I could cry, I’m so relieved. It’s exactly the lift we needed after such a dispiriting day. Water sounds (northeast), I note, beside my most recent landmark entry.
Alexa pulls our last full canteen out from the cardigan supply pack and breaks the seal. She guzzles a quarter of it down, more than any of us have dared to drink at once.
“What?” she says, when she notices Hope and I are staring. “We’ll find more soon, right?”
“That isn’t an excuse to be careless,” I say, and wow, is it an unexpected blow to my gut: I sound exactly like my father.
Alexa tightens the lid, but instead of settling it back into the cardigan where it belongs, she holds it out to me. “Want some? Come on, you know you’re thirsty.”
I am—it still feels wrong not to ration properly, though. After a moment’s hesitation, I accept, drink slightly more than I otherwise would have. It’s an act of faith, a determined commitment: we will find water, and we need to find it soon.
“Let’s do this,” I say. We set off with renewed enthusiasm and energy, the sound of water closer with every step. Until we hit a particularly dense bit of foliage, that is, and the noise becomes so muffled we have to strain to hear it.
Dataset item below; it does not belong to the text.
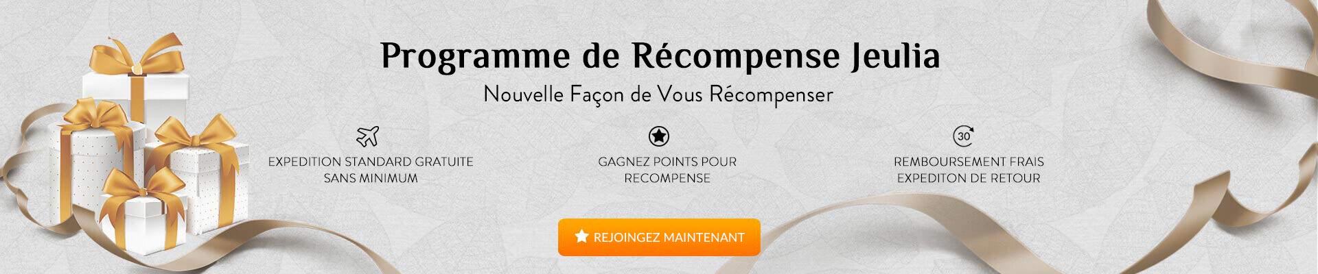 L’adhésion est totalement gratuite, vous ne payez pas de cotisation annuelle, vous inscrivez ou achetez des produits sur notre site, et vous serez automatiquement inscrit au programme de récompense Jeulia.
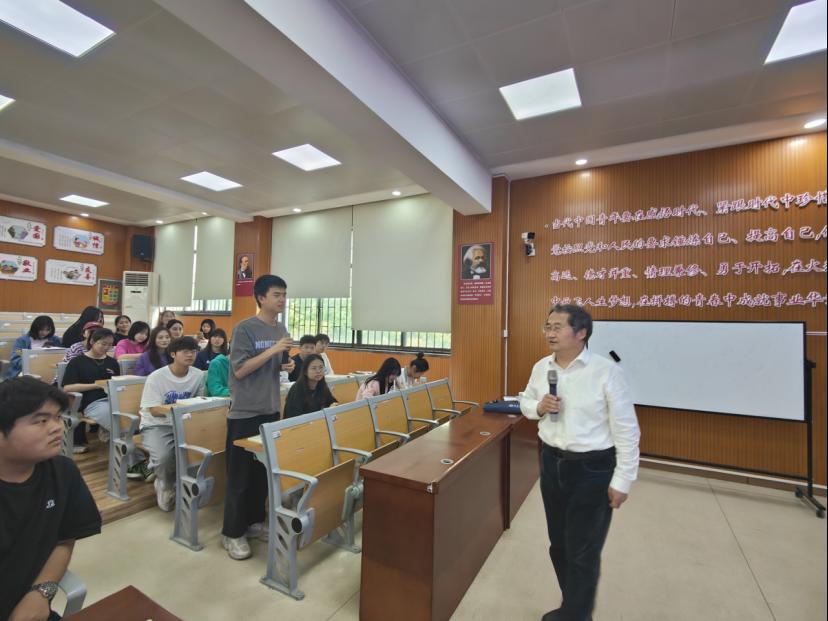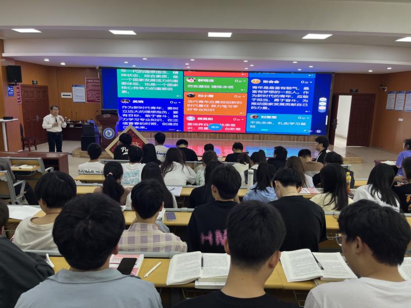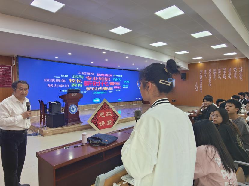 接着,讲课结合新闻时事,分享了党的二十大精神。“你准备好当工人了吗?”“你们如何看待工人?”钟毓宁以我国先进工匠的具体事迹为例,融入了党的二十大报告中对于教育、科技、人才的极端重视,从人才强国的战略高度出发,引导同学们深刻理解我国在建设社会主义现代化强国过程中对于知识型、技能型、创新型高技能人才的需求和渴望。他以优秀硕士毕业生当工人,并成长为行业首席专家的事例,消除了只有高职学历的学生才会当工人的认识误区,树立了技术工人通过技能报国光荣的理念。

Hope breaks away from us, rushes ahead on the path. “You guys!” she says, bending down. “Look!” With delicate fingers, she holds up the corner of an emergency-bar wrapper. “Maybe Finnley came this way?”
Adrenaline rushes through me, and I’m hopeful for two glorious seconds—until I see a familiar patch of vines, the very same viper-like vines that nearly gave me a heart attack earlier. I remember, clearly, eating an emergency bar at the time. I’d almost choked on it.
“Guys,” I say, completely deflating, “we’ve passed this spot before.”
EIGHTEEN
THE SEARCH FOR water is like trekking toward a desert mirage, or like trying to find a rainbow’s roots, or like stretching up on tiptoes in hopes of plucking the moon out of the sky: the constant bubbling of a brook is always within earshot, yet when we retrace the path where it’s loudest, we see nothing but more jungle. We walk until the afternoon light becomes thin without seeing so much as a drop.
We’ve gone through most of our water, too. So certain we’d find more, we haven’t been as careful as we were this morning. At least we aren’t thirsty.
I swat at a mosquito, and a little bead of blood rises up on my sweat-sticky arm. A mosquito! We haven’t seen any other insects—maybe this, finally, is a sign that water really is close by and we simply haven’t found it yet. The itching sets in right away, and the redness. But then there’s a stinging, something I’ve never felt from a mosquito bite before, and I realize—it isn’t the bite that’s stinging. It’s my right palm; it’s the backs of both thighs. It’s like eating fresh serranos, the way they bite, then burn, then set your insides on fire.
“Aghhhhhh!” Alexa’s shriek pierces the air.
Hope and I whirl around just in time to see Alexa double over, her hair falling out of its knot and into her face. When she straightens—if you could call it straightening—we get a better look: every inch of her arms and legs appears to have been dipped into a vat of molten sunlight. There are no blisters, just smooth lobster skin instead of her usual cappuccino tan.
“What is it? What happened?” Hope is at Alexa’s side before I can take two steps.
Alexa cuts a glare through the hair that hangs over her eyes. “How should I know? You’ve been in this jungle for exactly as long as I have, so it’s not like I’m the expert.”
Hope rolls her eyes, lets her head loll in a way that says her patience has worn as threadbare as Alexa’s filter. Mine isn’t doing much better.